**Brief**. Transcribe the listing exactly, leaving out every picture.

**Data segment**.
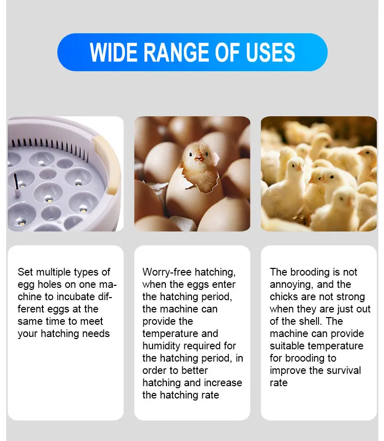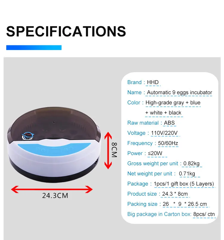 Особенности: 1. Полномашинное Производство АБС-сырья, Защита окружающей среды и долговечность. 2. Светодиодный высокоэффективный яичный аппарат. 3. Вентилятор с низким уровнем шума, более разумный циркуляционный воздуховод. 4. Керамический нагреватель (температура обмотки кольцевой машины более стабильная, точная и без мертвого угла) 5. Грязь может быть вывезена блистерным лотком для более легкой очистки. 6. Конструкция влажной губки для предотвращения чрезмерного добавления воды от воздействия на вылупление машины 7. Скрытая розетка питания, безопаснее и красивее. 8. Часть дисплея температуры более красивая с прозрачным материалом ABS. 9. Круглый дизайн канал подачи горячего воздуха проходит через переднюю и заднюю части и имеет постоянную температуру. 10. Автоматический контроль температуры, автоматическое отображение текущей температуры. 11. Обтекаемая сенсорная работа с высококачественной атмосферой. 12. Интегрированный Ультратонкий корпус не занимает места, что облегчает транспортировку и экономит лишние затраты. Параметры: Наименование: 9 автоматических инкубаторов Цвет: серый + синий + белый + черный Материал: АБС-пластик Напряжение: 110/220V Мощность: ≤ 20 Вт Размер изделия: 26*9*26,5 см Упаковка включает в себя: 1 x инкубатор 1 x Мощность кабель Руководство пользователя-1 шт.; Примечание: 1. Возможны незначительные отклонения в размере на 1-3 см (0,4-1,18 ") измерения выполнены вручную, допускаются отклонения в размере в пределах и небольшое отличие в цвете может незначительно отличаться из-за разных настроек экрана. 2. В связи с использованием разных по светильник экране монитора фактический цвет товар точно такой же, как и цвет изделия на фото может быть s светильник ly отличается из-за характеристик монитора компьютера. Пожалуйста, отнеситесь к этому с пониманием.
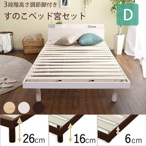 2/57/62cm カントリー調デザインと天然木の素朴さがゆとりのある暮らしを演出してくれる『すのこベッド』。ベッド下は最大高さ51cmの脚長・大容量タイプ! 高さは3段階調整できるので、ライフスタイルに合わせてお使い頂けます...
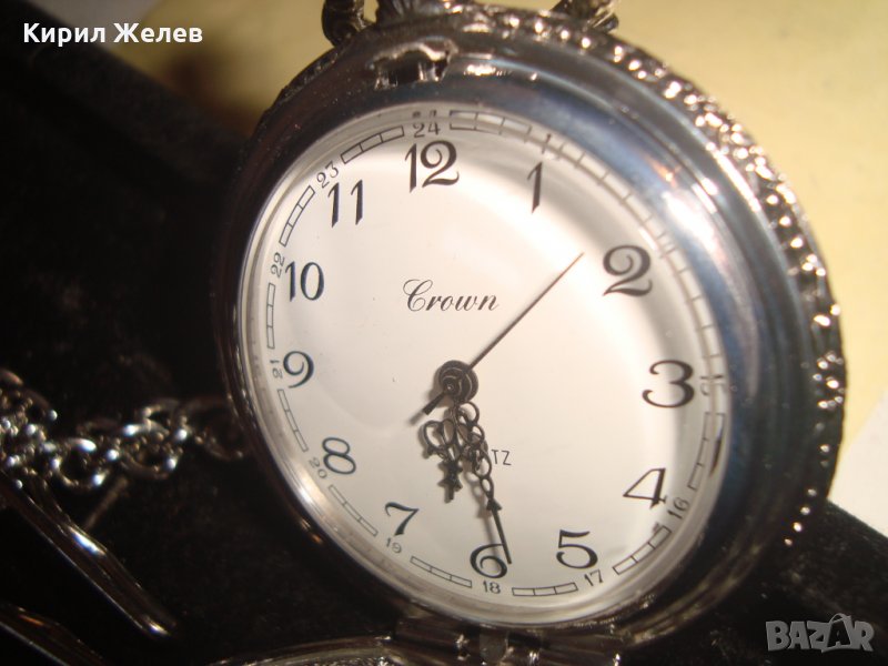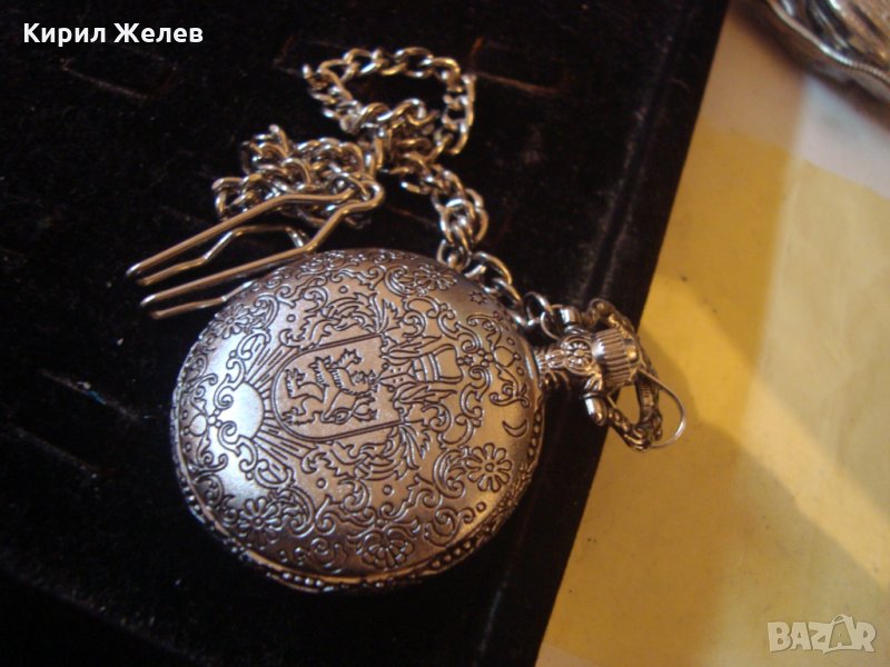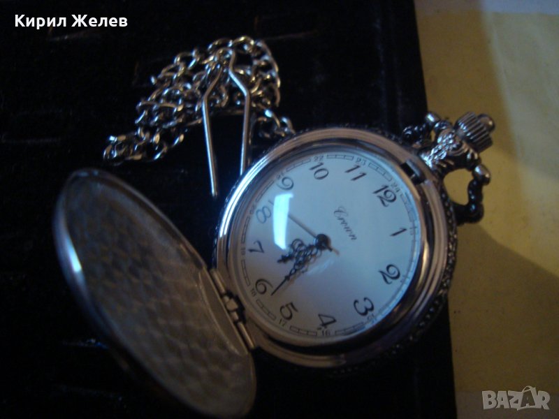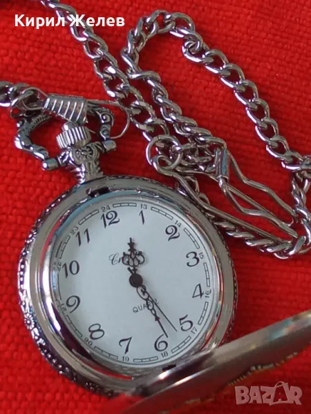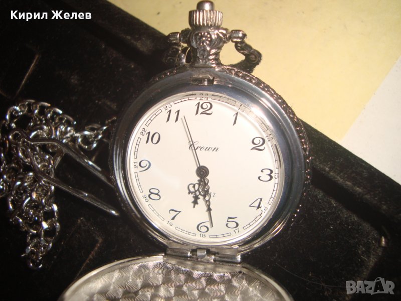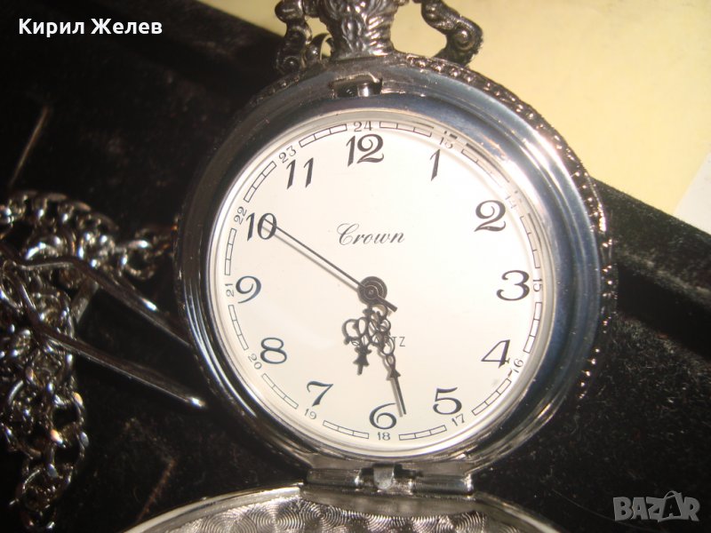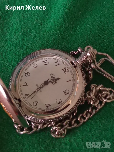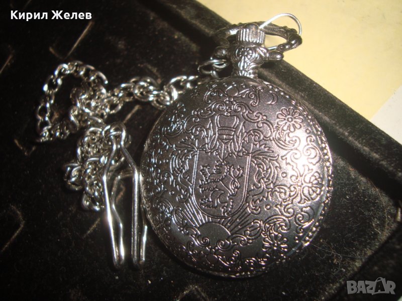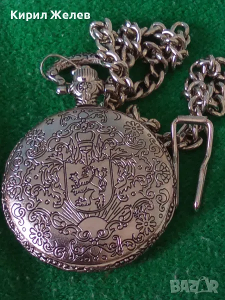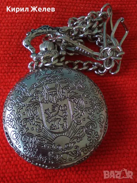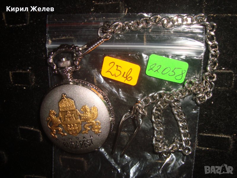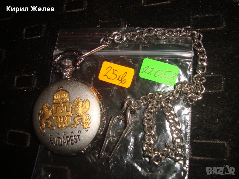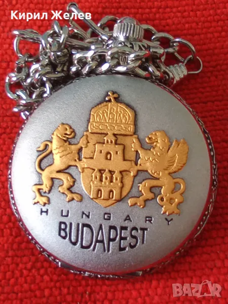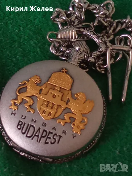 ВИНТИДЖ КВАРЦОВ ДЖОБЕН ЧАСОВНИК БУДАПЕЩА РАБОТЕЩ с ГЕРБ и ОРНАМЕНТИРАН КАПАК и ВЕРИЖКА КЮСТЕК 22058

**Final answer**.
 Особенности: 1. Полномашинное Производство АБС-сырья, Защита окружающей среды и долговечность. 2. Светодиодный высокоэффективный яичный аппарат. 3. Вентилятор с низким уровнем шума, более разумный циркуляционный воздуховод. 4. Керамический нагреватель (температура обмотки кольцевой машины более стабильная, точная и без мертвого угла) 5. Грязь может быть вывезена блистерным лотком для более легкой очистки. 6. Конструкция влажной губки для предотвращения чрезмерного добавления воды от воздействия на вылупление машины 7. Скрытая розетка питания, безопаснее и красивее. 8. Часть дисплея температуры более красивая с прозрачным материалом ABS. 9. Круглый дизайн канал подачи горячего воздуха проходит через переднюю и заднюю части и имеет постоянную температуру. 10. Автоматический контроль температуры, автоматическое отображение текущей температуры. 11. Обтекаемая сенсорная работа с высококачественной атмосферой. 12. Интегрированный Ультратонкий корпус не занимает места, что облегчает транспортировку и экономит лишние затраты. Параметры: Наименование: 9 автоматических инкубаторов Цвет: серый + синий + белый + черный Материал: АБС-пластик Напряжение: 110/220V Мощность: ≤ 20 Вт Размер изделия: 26*9*26,5 см Упаковка включает в себя: 1 x инкубатор 1 x Мощность кабель Руководство пользователя-1 шт.; Примечание: 1. Возможны незначительные отклонения в размере на 1-3 см (0,4-1,18 ") измерения выполнены вручную, допускаются отклонения в размере в пределах и небольшое отличие в цвете может незначительно отличаться из-за разных настроек экрана. 2. В связи с использованием разных по светильник экране монитора фактический цвет товар точно такой же, как и цвет изделия на фото может быть s светильник ly отличается из-за характеристик монитора компьютера. Пожалуйста, отнеситесь к этому с пониманием.
 2/57/62cm カントリー調デザインと天然木の素朴さがゆとりのある暮らしを演出してくれる『すのこベッド』。ベッド下は最大高さ51cmの脚長・大容量タイプ! 高さは3段階調整できるので、ライフスタイルに合わせてお使い頂けます...
 ВИНТИДЖ КВАРЦОВ ДЖОБЕН ЧАСОВНИК БУДАПЕЩА РАБОТЕЩ с ГЕРБ и ОРНАМЕНТИРАН КАПАК и ВЕРИЖКА КЮСТЕК 22058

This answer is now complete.